誰も把握していないのかもしれません。味わいの項目も足りない気がします(スペシャルティコーヒーの評価項目はこんなもんですね)

これは非常にもったいない。その年の気温や天候などの情報なしにただ飲んでフレーバーがどうこう言うだけなのは本当にもったいないです。

加えて土壌の説明がないのも気になります。なぜそのセクションを使っているのかの説明もほしいところです(カップしたら素晴らしかったから、というのは理由の説明になってないですしね)

クリュを語るのであれば、ましてやグランクリュを名乗るのであれば、そういった部分に力を入れても良い気はしています(そもそもグランクリュという語を、すごく良い畑くらいの意味でしか捉えてない気はします。本当は少し違います。だからグランクリュカフェもそうだし、丸山珈琲のグランクリュのシリーズもグランクリュっていう感じの味じゃないんですよね。美味しいけど)

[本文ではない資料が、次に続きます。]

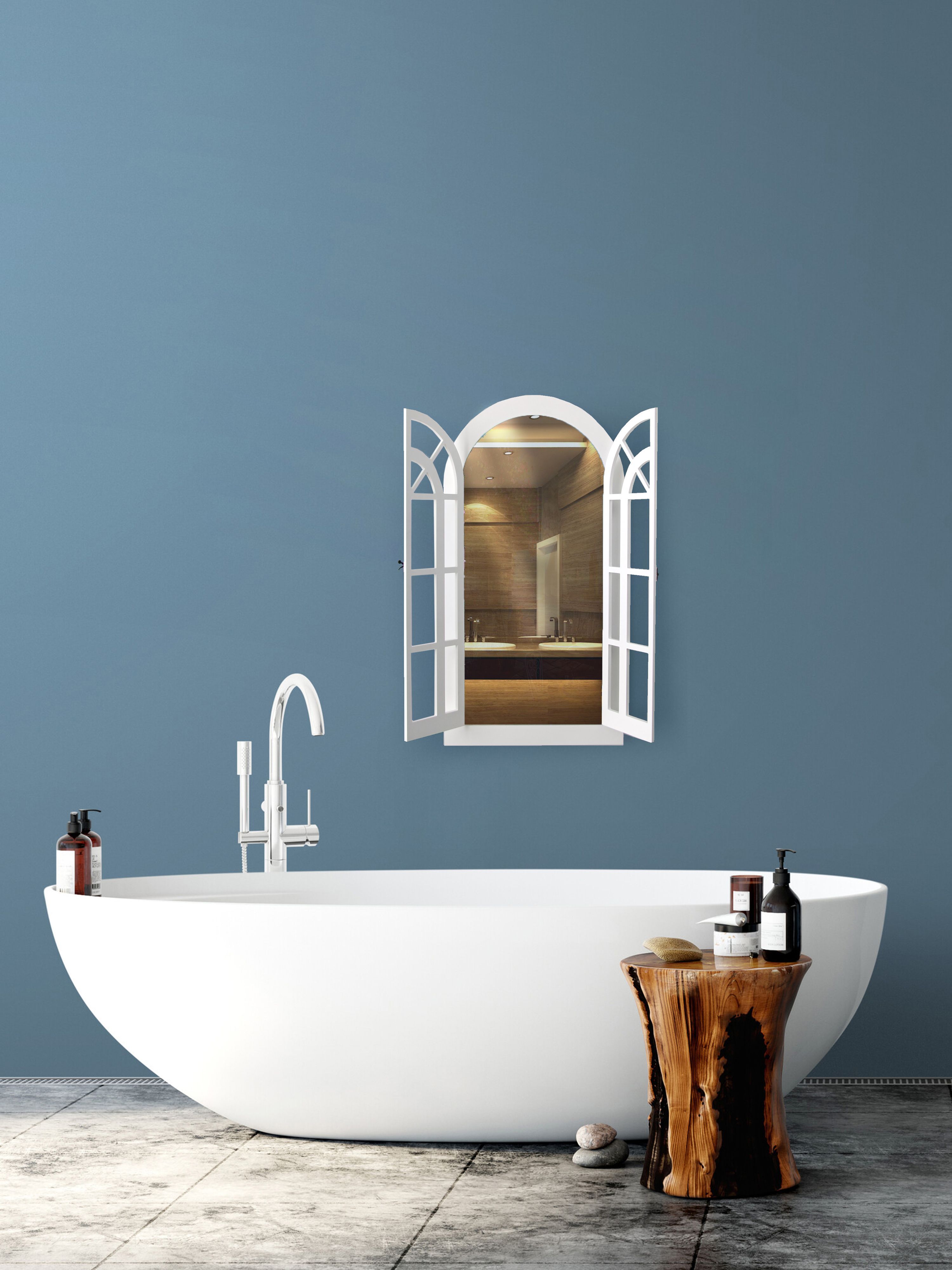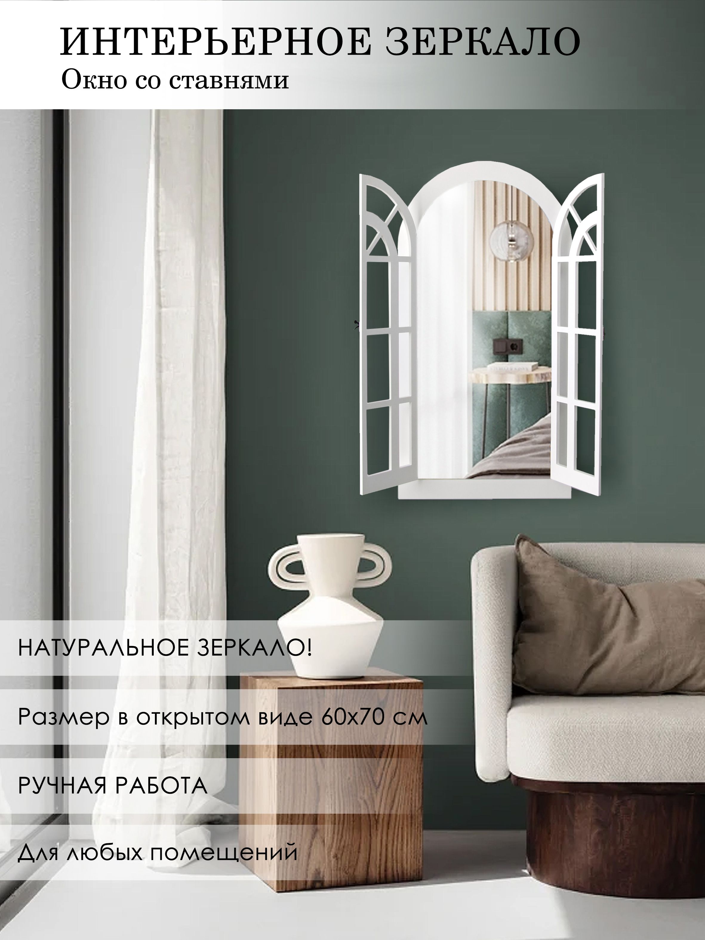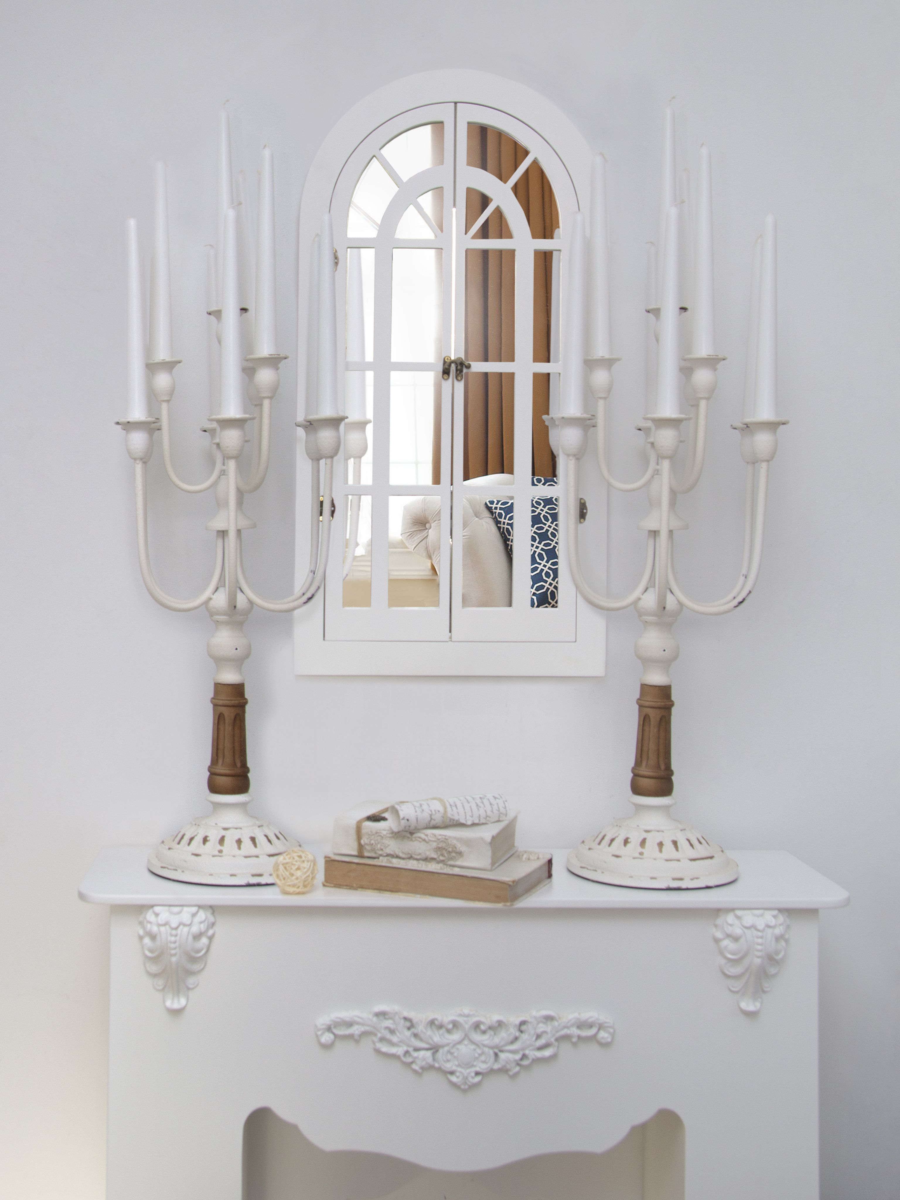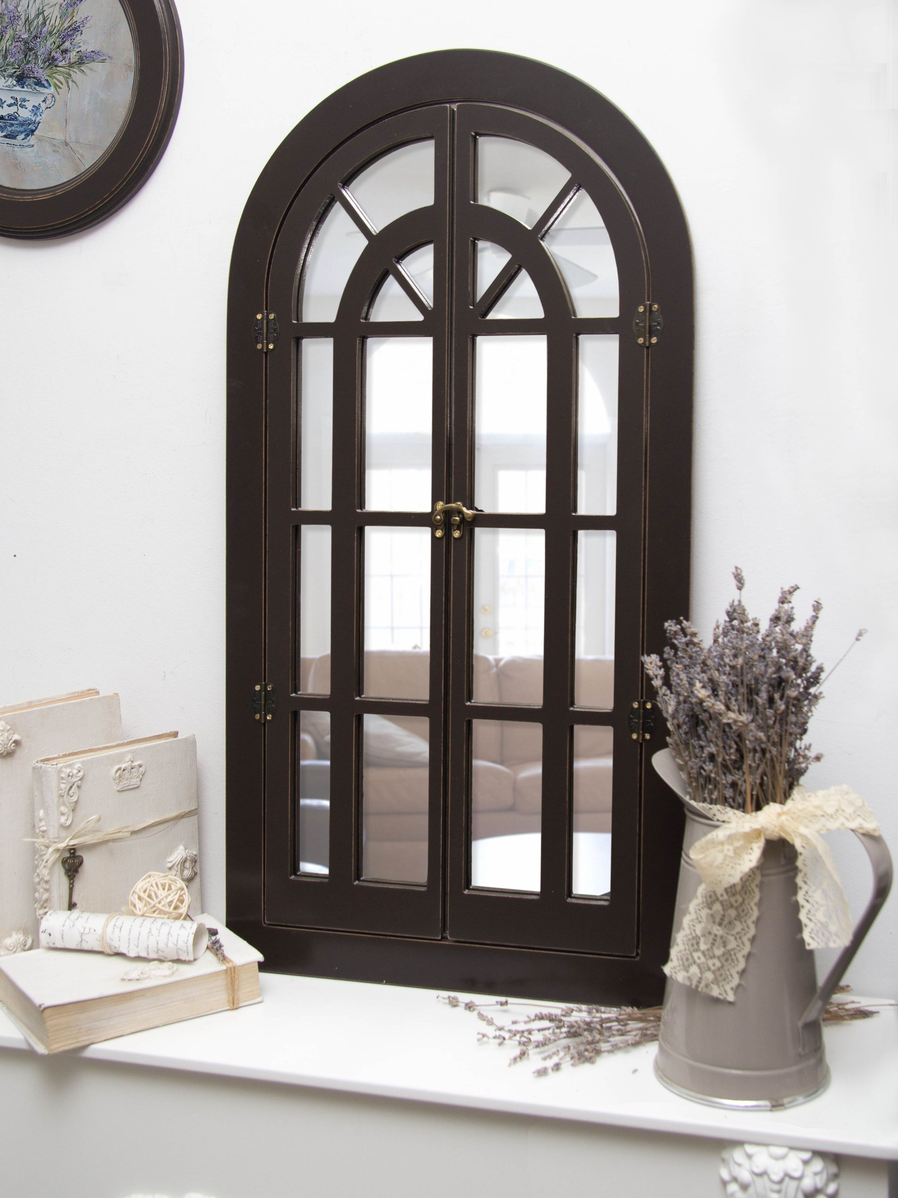 Зеркальный декор на стену в форме окна. Размер зеркального панно 77х43 см. Вставки из натурального зеркала. Интерьерное зеркало будет прекрасным дополнением к настенному декору. Рама зеркала покрашена акриловой эмалью на водной основе. Подойдет для оформления интерьера в стиле прованс, добавит света и пространства в интерьере. На обратной стороне зеркала две петли, шурупы для крепления на стену в комплекте
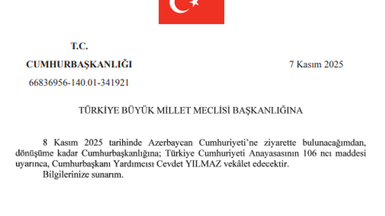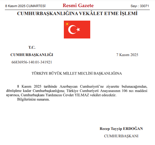 Tezkerede, Cumhurbaşkanı Erdoğan’ın 8 Kasım 2025 tarihinde Azerbaycan Cumhuriyeti’ne ziyarette bulunacağı, dönüşüne kadar Cumhurbaşkanlığı görevini Türkiye Cumhuriyeti Anayasası’nın 106’ncı maddesi uyarınca Cumhurbaşkanı Yardımcısı Cevdet Yılmaz’ın üstleneceği belirtildi.
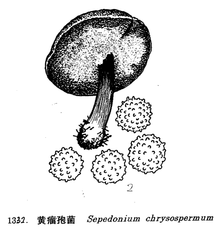 图 1332 黄瘤孢菌 : 1. 寄生于牛肝菌菌管的状态, 2. 孢子
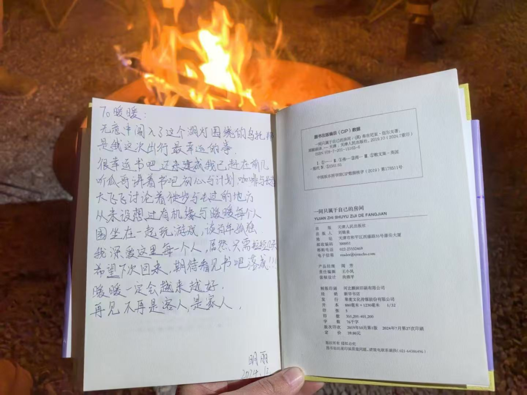 除了当地人的包容和开放让郭剑飞动容,暖暖青年社区本身也在持续温暖着远道而来的人们。她回忆起2024年到社区的一位小姑娘:“离开时,她为了期待社区书屋的建成,留下了一本自己正在看的书,并在书的封面写满了话。她说暖暖就是她在大理的家。我当时看了之后眼泪刷的就流下来了。你并没有为她做很多,只是跟她聊天、生活了两天,但她却感受到了一种特别强烈的被接纳、被尊重和被温暖。”
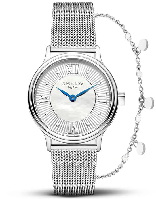 Amalys AMW-197 — женский набор, включающий часы и браслет, выполненный в гармоничном стиле. Круглый корпус диаметром 28 мм изготовлен из нержавеющей стали, а браслет типа «миланская сетка» шириной 14 мм обеспечивает комфортное прилегание и подчёркивает изящный образ. Защитную функцию выполняет сапфировое стеклоСапфировое стеклоПрочный и надёжный материал из кристалла сапфира синтетического происхождения, характеризующийся особой твёрдостью и устойчивостью к царапинам и повреждениям., устойчивое к царапинам и сохраняющее прозрачность. Механизм — кварцевый, надёжный и точный. Браслет снабжён раскладным замкомРаскладной замокДанный вариант застежки используется только на часах с металлическим браслетом. Отличительная особенность такого крепления в том, что длина браслета становится универсальной и вы можете самостоятельно отрегулировать нужный вам размер – застежка просто двигается по браслету часов., что делает ношение удобным и безопасным. Водозащита 5 ATM предохраняет модель от случайных брызг и дождя. Циферблат с римскими индексами и утончённым декоративным узором придаёт часам элегантность, а комплектный браслет завершает цельный и женственный образ.
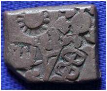 | Description / विवरण | The shape of the coin is roughly rectangular. One corner is chipped. Obverse Sun, six armed, caduceus, animal and other symbol is indistinct. Reverse Caduceus and other symbols are minute. |
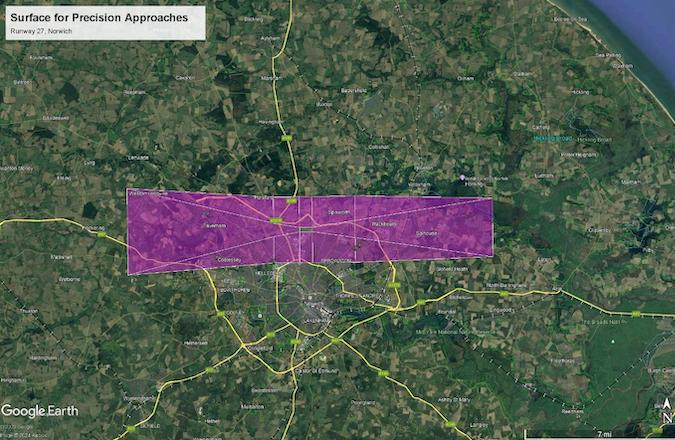 Figure 1: Pager Power modelling output for a potential Surface for Precision Approach at Norwich Airport Runway 27, overlaid on Google Earth imagery. This consists of the approach component (right trapezium), missed approach component (left trapezium) and transitional component (above and below) . This figure is given for illustrative purposes only [1].
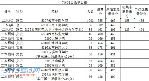 2013年7月31日云南高考录取分数线日报
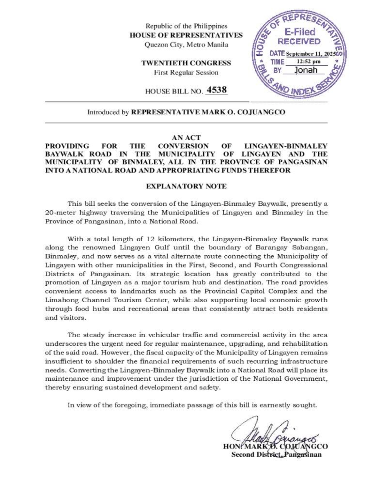 Republic of the Philippines HOUSE OF REPRESENTATIVES Quezon City, Metro Manila TWENTIETH CONGRESS First Regular SessionSeptember 11, 2025 12:52 pm4538 HOUSE BILL NO. ___ Introduced by REPRESENTATIVE
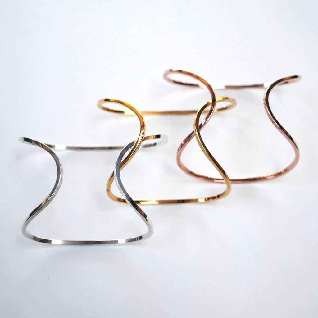 ②.大地女神瑞亚Rhea手镯·Celestial(古希腊天神)系列;英国手艺人Emma作品;以曲线为核心的开放式结构,跨越手背与手腕之间。可正反佩戴,在手腕周围形成近似“光环”的轮廓,形成一个轻微的「场域」,象征自然母神的围合与保护(承托)。均码(手环略具弹性,可微调贴合手掌),亦可定制尺码;材质有(黄铜/镀金/玫瑰金镀层/925纯银)四种可选
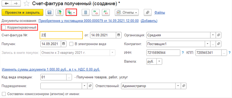 Например, в корректировке приобретения первая строка должна быть отражена в книге продаж, поскольку уменьшается количество купленных товаров, а вторая строка – в книге покупок, поскольку увеличивается количество купленных товаров.
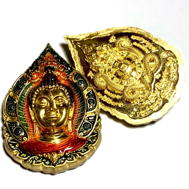 The Pra Nakprok Ram Ruay Ngern Tong was released in Late April 2564 BE in Buddha Abhiseka at Wat Ban Rai in Nakorn Rachasima, with Luang Por Tong, performing blessings and the opening of the eyes of the Buddha (Dhamma Chakra). The rear face of the amulets all have a Yant Paya Nak with Yant MOngkol Serm Duang in the center of the coiled Naga serpent Deity. Auspicious Incantations are encoded within the Yant Duang.
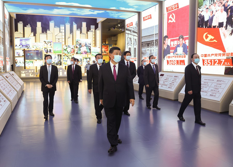 新近落成的中國共產黨歷史展覽館巍然矗立,氣勢恢宏。下午3時20分許,習近平等黨和國家領導同志來到這里,步入展廳參觀展覽。展覽以“不忘初心、牢記使命”為主題,精心設計了“建立中國共產黨 奪取新民主主義革命偉大勝利”、“成立中華人民共和國 進行社會主義革命和建設”、“實行改革開放 開創和發展中國特色社會主義”、“推進中國特色社會主義進入新時代 全面建成小康社會 開啟全面建設社會主義現代化國家新(人民日報)征程”4個部分,通過2600余幅圖片、3500多件套文物實物,第一次全方位、全過程、全景式、史詩般展現中國共產黨波瀾壯闊的百年歷程,濃墨重彩地反映黨的不懈奮斗史、不怕犧牲史、理論探索史、為民造福史、自身建設史,使人們深刻認識到紅色政權來之不易、新中國來之不易、中國特色社會主義來之不易,深刻認識到中國共產黨為什么能、馬克思主義為什么行、中國特色社會主義為什么好。
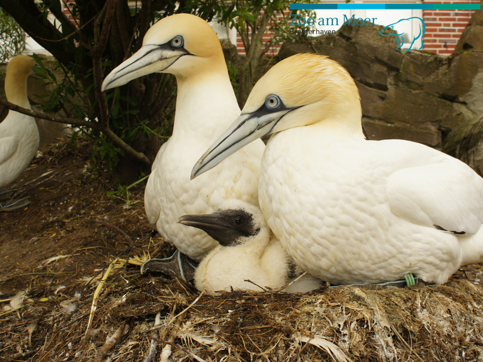 Three healthy Northern Gannet chicks hatched at Zoo am Meer Bremerhaven on the Northern coast of Germany,
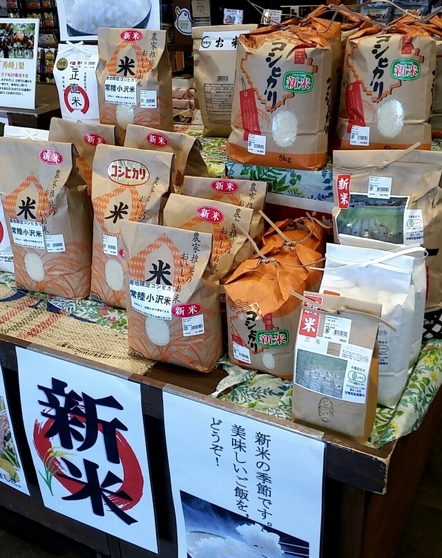 道の駅ひたちおおた黄門の郷。 地元でとれた野菜や、 今の季節、柿や新米。 フードコートには、 有名な常陸秋そば使用の 蕎麦店や、パン屋、 レストランなどが並びます。

まぁそんなに深く考えずに、グランクリュという良いイメージを使用した、というのが実際のところだと思うので、ワインとは関係ない別の言葉と思えば良いんですけどね(質問したら全部わかっていて答えてくれるという可能性もありますね)

割と否定的なことをいくつか書いてしまった感はありますが、全然悪く思っているわけではないです。色々と気になるのは事実ですが、ミカフェートや川島さんのコーヒーの世界への貢献は素晴らしいと思っています。